Откуда возьмется зерно в городах, если рубль вновь перестанет работать? Как тогда взять его у фермеров и сельскохозяйственных предприятий? Посылать на село продотряды?
Короче говоря, экономический анализ показывает: победа коммунистов автоматически разрушит рыночные регуляторы, страна окажется в обстановке экономического хаоса 1991 года, когда не работают ни деньги, ни приказы. Нетрудно представить себе реакцию населения – рост недовольства, непопулярность режима, лихорадочный поиск врагов народа. Все это вряд ли надолго. Никакого стабильного тоталитаризма уже не получится, нет для него ни социальной, ни идеологической, ни финансовой базы. Но удар по перспективам развития России в XXI веке будет нанесен мощнейший.
Между тем, возможность победы коммунистов не какая-то аномалия, не историческая случайность. Они просто оседлали ту волну, которая уже привела к власти множество посткоммунистических партий Восточной Европы. Вопрос в том, можно ли в России остановить их и если можно, то как.
Главная надежда на то, что общество все-таки осознает риск, связанный с победой коммунистов именно в России, сработает инстинкт самосохранения».
И он сработал.
Именно это и было той «объединяющей идеей», о которой говорил президент Ельцин в мемуарах, написанных сразу после отставки, – инстинкт самосохранения.
«Ельцин победил по той причине, – вспоминал Владимир Рыжков, – что ему и его команде удалось представить выбор между ним и Зюгановым как выбор судьбы. То есть перед каждым российским избирателем был поставлен вопрос: “Выбирайте: либо вы поддерживаете продолжение реформ: рынок, частная собственность, Европа, цивилизация, демократия, либо back to the USSR, и вы будете голосовать за талоны, распределиловку, колхозы, ГУЛАГ и так далее”.
То есть гениальность этой кампании Ельцина была в том, что выбор был поставлен не между двумя вариантами реформ: “А вот мы сделаем лучше” – “А вот нет, мы сделаем лучше”. Нет, выбор стоял не так. Выбор стоял “Или реформы, или Советский Союз, или коммунизм”.
И Чубайс – тогда он был фактически руководителем штаба – напечатал гигантским тиражом газету, где был такой заголовок: “Купи еды в последний раз”.
Месседж понятен.
И неужели можно всерьез полагать, что победа Ельцина в этой кампании и то, что Ельцин выиграл все крупные города-миллионники, что Ельцин выиграл Урал, Сибирь, Север России, это заслуга олигархов?
Возможно, олигархи потом представили дело именно таким образом, что да, это мы сделали.

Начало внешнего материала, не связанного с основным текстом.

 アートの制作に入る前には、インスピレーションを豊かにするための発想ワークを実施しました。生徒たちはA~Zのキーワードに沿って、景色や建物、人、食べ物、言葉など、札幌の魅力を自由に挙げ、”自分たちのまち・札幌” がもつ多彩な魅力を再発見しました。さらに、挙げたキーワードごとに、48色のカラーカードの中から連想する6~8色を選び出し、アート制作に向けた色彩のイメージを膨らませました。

Но на самом деле, это была очень грамотная избирательная кампания, очень правильное ее позиционирование».
То, что Гайдар вполне серьезно относился к угрозе катастрофы, мы увидели – в ином случае он бы не отправил родителей и младшего сына в Прагу на полгода. Да, бывало, конечно, что и он ошибался в прогнозах. Но чаще всего – нет.
Интересно, что абсолютно всерьез к этой угрозе отнеслись и избиратели.

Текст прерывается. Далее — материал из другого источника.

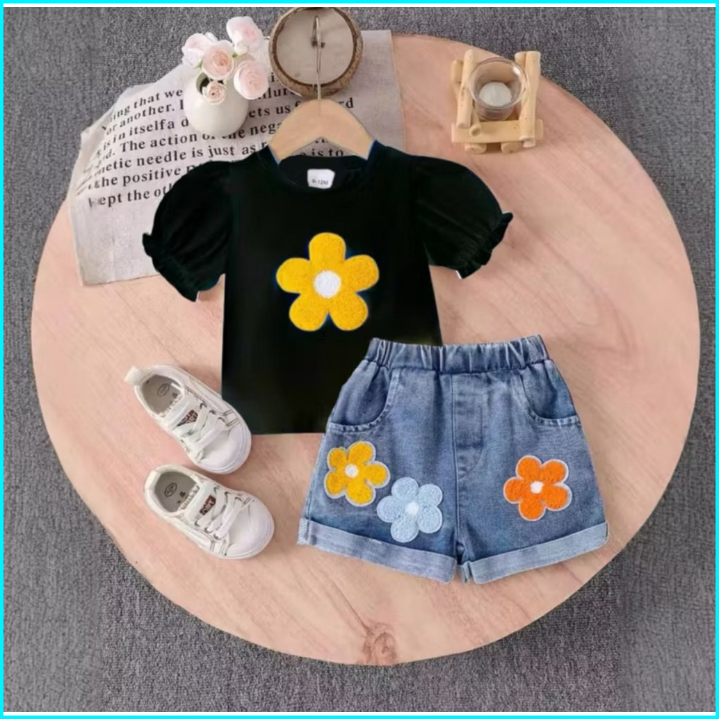 Setelan Anak Baju Anak Perempuan Dan Celana Pendek Anak 1-5 Tahun Motif Flower Ardan Baju Anak

«Администрация Ельцина – это не наша администрация. Правительство Черномырдина – это не наше правительство. А победа – наша!» Так Егор Гайдар сразу после выборов 1996 года в интервью Илье Мильштейну из «Нового времени» охарактеризовал политическую ситуацию. О том, что Гайдар и его партия в результате поддержали Бориса Николаевича, он рассуждал с привычной рациональностью: да, Ельцин знал, что для Егора победа Зюганова означала бы моральную катастрофу (а может быть, и физическую), знал – и использовал его. «Ну, и слава богу!.. Ельцин для меня – орудие истории… Не стану утверждать, что без меня он бы проиграл. И все же во втором туре моя поддержка была ему потенциально полезна. От позиции нашей партии в какой-то мере зависели голоса интеллектуальной элиты». Что чистая правда: многие представители интеллигенции голосовали не столько за Ельцина, сколько против Зюганова. Гайдар в этом интервью и сам не преминул назвать Бориса Николаевича «наименьшим злом».